I have a 43 year old daughter who has the severest asthma ( hosp. 34times so far)....intensive care twice. She was shielded for the beginning g of Covid , her kids had to go live with dad for two months..she was very lonely. Thank goodness she had friends to fetch and carry and FaceTime to stay in touch. If she ever said she wasn’t going to wear a mask while out and about now , I think I’d slap her! But luckily she was bought up with good plain common sense.

andymorris Wed 21-Oct-20 11:27:52

in birmingham you have 2 choices...you either get on buses and trains full of passengers not wearing masks....or you walk for miles and miles and miles

Gingergirl Wed 21-Oct-20 11:28:37

I would say nothing. I don’t see it as related to his upbringing ...so try to distance yourself from his decision. There are lots of views about wearing masks. I don’t think it’s as straightforward as we are led to believe.

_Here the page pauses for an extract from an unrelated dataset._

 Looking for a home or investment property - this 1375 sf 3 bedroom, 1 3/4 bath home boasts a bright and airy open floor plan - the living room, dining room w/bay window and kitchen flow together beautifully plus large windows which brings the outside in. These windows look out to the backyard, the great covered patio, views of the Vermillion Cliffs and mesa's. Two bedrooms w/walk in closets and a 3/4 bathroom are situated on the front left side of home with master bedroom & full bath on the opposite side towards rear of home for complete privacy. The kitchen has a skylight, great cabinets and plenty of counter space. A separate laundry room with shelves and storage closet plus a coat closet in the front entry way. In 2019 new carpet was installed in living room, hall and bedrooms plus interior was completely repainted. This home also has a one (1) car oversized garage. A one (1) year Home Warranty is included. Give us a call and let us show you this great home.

In any case, he’s an adult and needs to make his own decisions in life.

jaylucy Wed 21-Oct-20 11:29:52

Different rules and attitude between countries and when you have a president in the USA that refused to wear a mask and also gave a strong indication at least until he himself was diagnosed that they weren't necessary, you will be running a losing battle!
I think that the best thing is to say as little as possible - it is well known that it is an airborne virus and how it is spread - your son is a grown adult and able to make his own decisions, whatever you believe.
If and when you two meet up over Christmas, just continue to wear your mask(s) and if the grandchildren ask why, just simply explain that it is because you feel either safer or more comfortable to do so. If they then ask why daddy isn't wearing one, he can explain his own theory!

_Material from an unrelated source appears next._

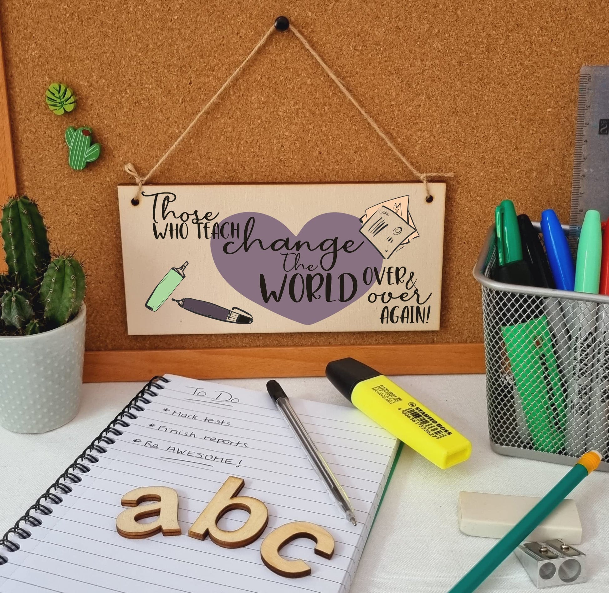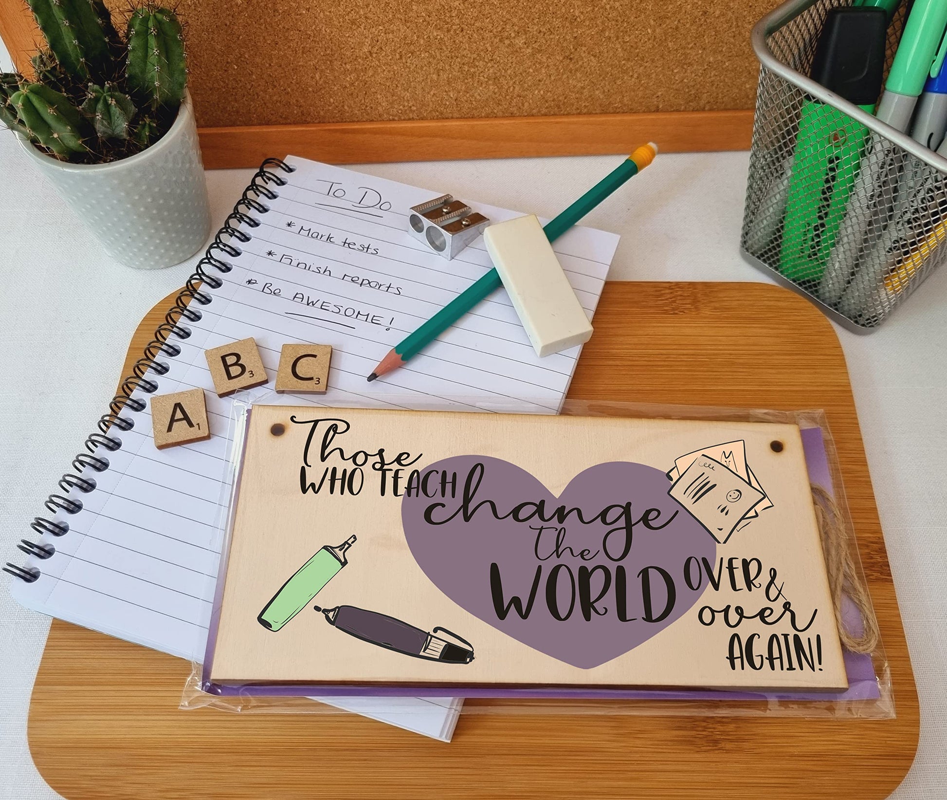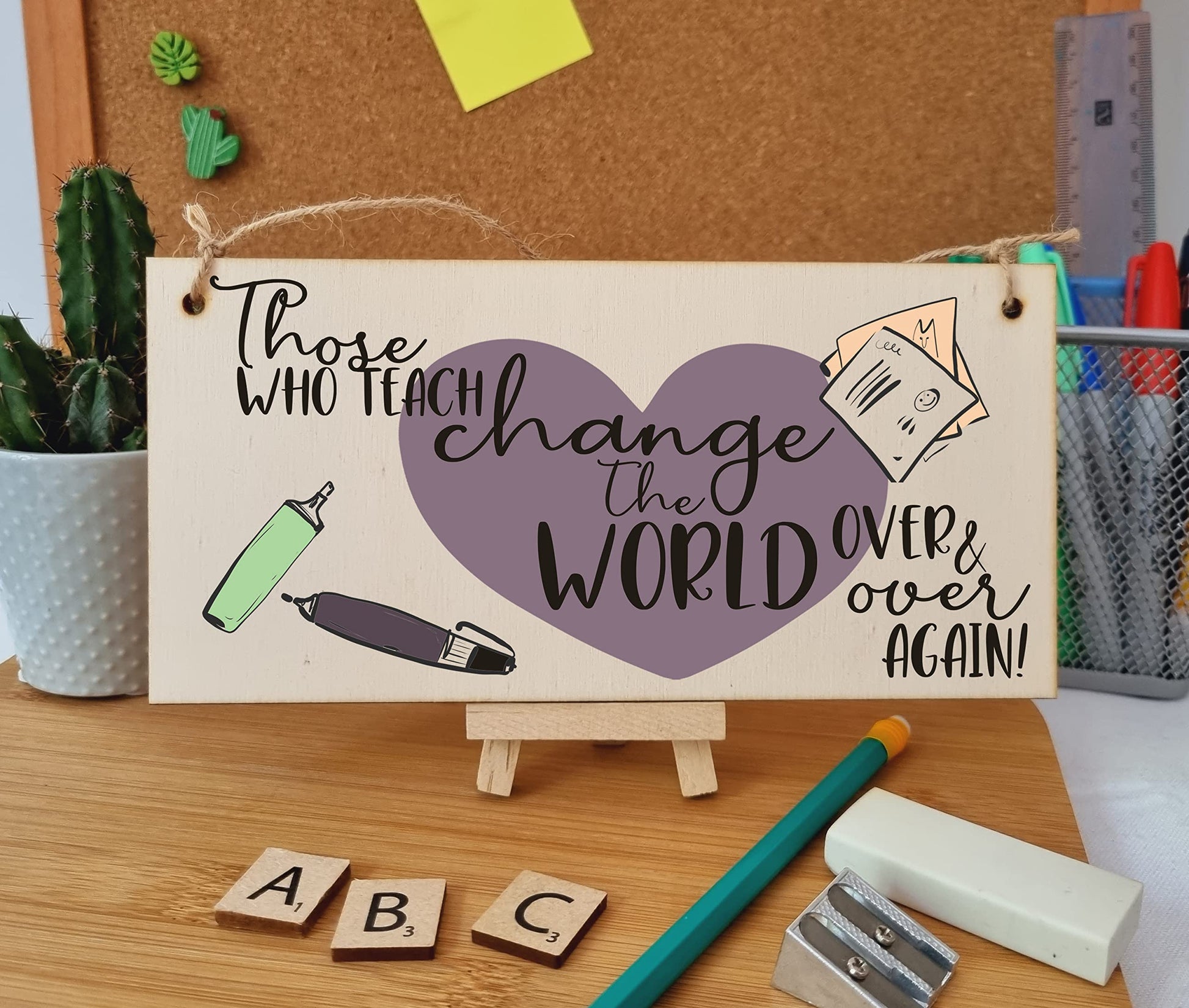 A decorative rectangular wooden hanging wall plaque, which is a stylish and unique way to decorate your home, or to give as a gift to someone special. Wording on the plaque: Those who teach change the world over and over again. Give your favourite teacher a fun decorative sign to hang above their desk. A perfect gift at the end of the school terms to show the best teacher or teaching assistant how important and amazing they are. The plaque is made from high quality, sustainably sourced 5mm Plywood (PEFC Certified). The image is UV-printed in full colour, directly onto the wooden plaque, to ensure a high quality, bold and durable finish. It is packaged in a transparent sleeve, making it ideal to give as a gift, and comes with a small length of shabby, rustic hessian twine to hang up. This creative piece of wall art will add that little something extra to your space. From the kitchen to the living room, in the bathroom or the study, showcase your personality and hobbies in a fun and whimsical display. If not as a treat for you, then these are perfect to give as a gift to friends, family, neighbours, and colleagues. ***Please note, because these are made from untreated wood, the sign is designed for indoor use and should only be displayed outside for short periods during dry weather. Prolonged exposure to outdoor elements such as rain, water, frost, heat and UVs will damage and fade your sign.***

GrannyRose15 Wed 21-Oct-20 11:30:53

Esspee Mon 19-Oct-20 14:57:47
My son who lives in the USA shocked me yesterday by stating on WhatsApp that he is now refusing to wear a mask.

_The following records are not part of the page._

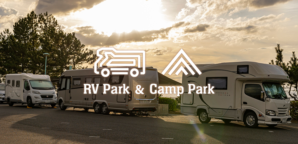 海が見える広い駐車場の一角に、キャンピングカー対応の【RVパーク】が誕生!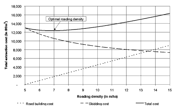 The total roundwood production cost figures presented in the previous sections of this report assumed a road density of 5 m/ha, with skid trails 200 m apart. According to the simulation model, this would result in a skid-trail indirectness factor of 82% and an average skidding distance of 910 m. This is a very long skidding distance compared with current forestry practice in many other tropical countries. However, it was confirmed, during several field trips and interviews with forest concessionaires, that average skidding distances of around 1 km are typical of current forestry practices in Suriname.
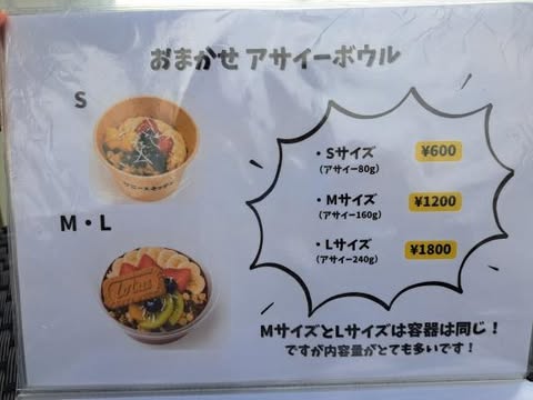 アサイーボウルはSサイズの600円~Lサイズの1800円まであります。 Sサイズがあるというのが個人的に嬉しいポイント! 少し食べたい時やアサイーボウルを食べたことない人が挑戦しやすいです。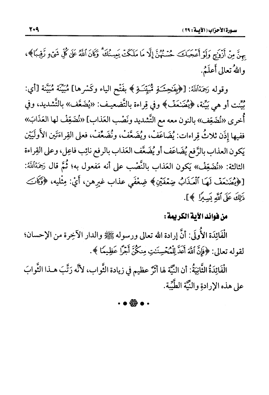 وقوله رَحِمَهُ اللَّهُ: [{بِفَاحِشَةٍ مُبَيِّنَةٍ} بفَتْح الياء وكَسْرها] مُبَيِّنَة مُبَيَّنة [أي: بُيِّنت أو هي بَيِّنة، {يُضَاعَفْ} وفي قِراءة بالتَّضعيف: "يُضَعَّف" بالتَّشديد، وفي أُخرى "نُضَعِّف" بالنون معه مع التَّشديد ونَصْب العَذاب] "نُضَعِّفْ لها العَذَابَ" ففيها إِذَن ثلاثُ قِراءات: يُضَاعَفْ، ويُضَعَّفْ، ونُضَعِّفْ، فعلى القِراءَتَين الأَولَيَيْن يَكون العذاب بالرَّفع يُضَاعَف أو يُضَعَّف العَذاب بالرفع نائِب فاعِل، وعلى القِراءة الثالثة: "نُضَعِّفْ" يَكون العَذاب بالنَّصْب على أنه مَفعول به، ثُمَّ قال رَحِمَهُ اللَّهُ: [{يُضَاعَفْ لَهَا الْعَذَابُ ضِعْفَيْنِ} ضِعْفَي عذاب غيرِهن، أَيْ: مِثْليه، {وَكَانَ ذَلِكَ عَلَى اللَّهِ يَسِيرًا}].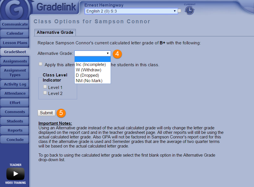 4. Click on the alternative grade box and make the appropriate selection.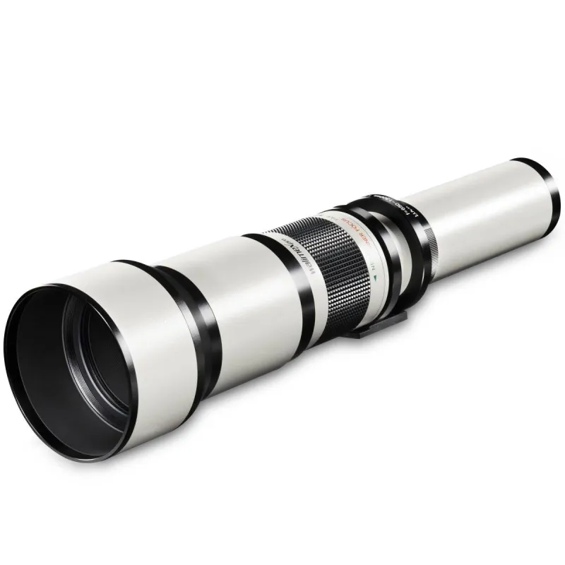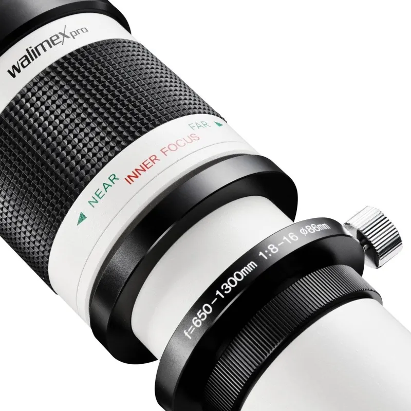 The walimex pro Telezoom Lens has an unusually long focal distance range of 650-1300mm at a speed of 1:8.0-16 (depending on focal distance). The sturdy metal casing and the high-quality coated glass lenses ensure a good image quality. The internal focusing (i.e. the front lens does not turn while focusing) enables the unproblematic use of polarising and graduated filters. With the help of the sturdy tripod mount ring the lens can be fastened to a tripod with an optimised balance point (because of the long focal distance we recommend the use of a tripod in order to achieve vibration-free exposure). With a comparatively short closest focusing distance of only 5 metres, the lens enables a sensational magnification at 1300mm. Focusing takes place manually. The lens can be used with aperture priority and manual exposure setting. Thanks to the easy handling, the lens is also especially suitable for beginners.

He is an adult and can make up his own mind. If you are worried about his reaction, say nothing. He will probably know you disapprove anyway.

harrigran Wed 21-Oct-20 11:34:12

I would say nothing, he is on another continent and unlikely to infect you.
You have to be careful who you talk to, I have been told " it's alright for you you'll be dead soon but we have to live with this for a long time " shock

Juicylucy Wed 21-Oct-20 11:34:46

Personally I wouldn’t say anything, ask yourself will it make any difference and will he change his mind. I don’t think it is worth the possibility of the upset especially as you say he’s a good son and good at keeping in touch. It’s his opinion as an adult so I’d just respect it. I have friends who feel the same as your son and others that are rigorous with the rules. Each to there own.

jeanrobinson Wed 21-Oct-20 11:35:47

Having spent a year in the USA, I know that attitudes there are very different. Also he is a man, and I suspect that men are more likely to take a "macho" attitude to illness risk - maybe because they are used to having a woman to look after them. Women, who do the caring, are more careful.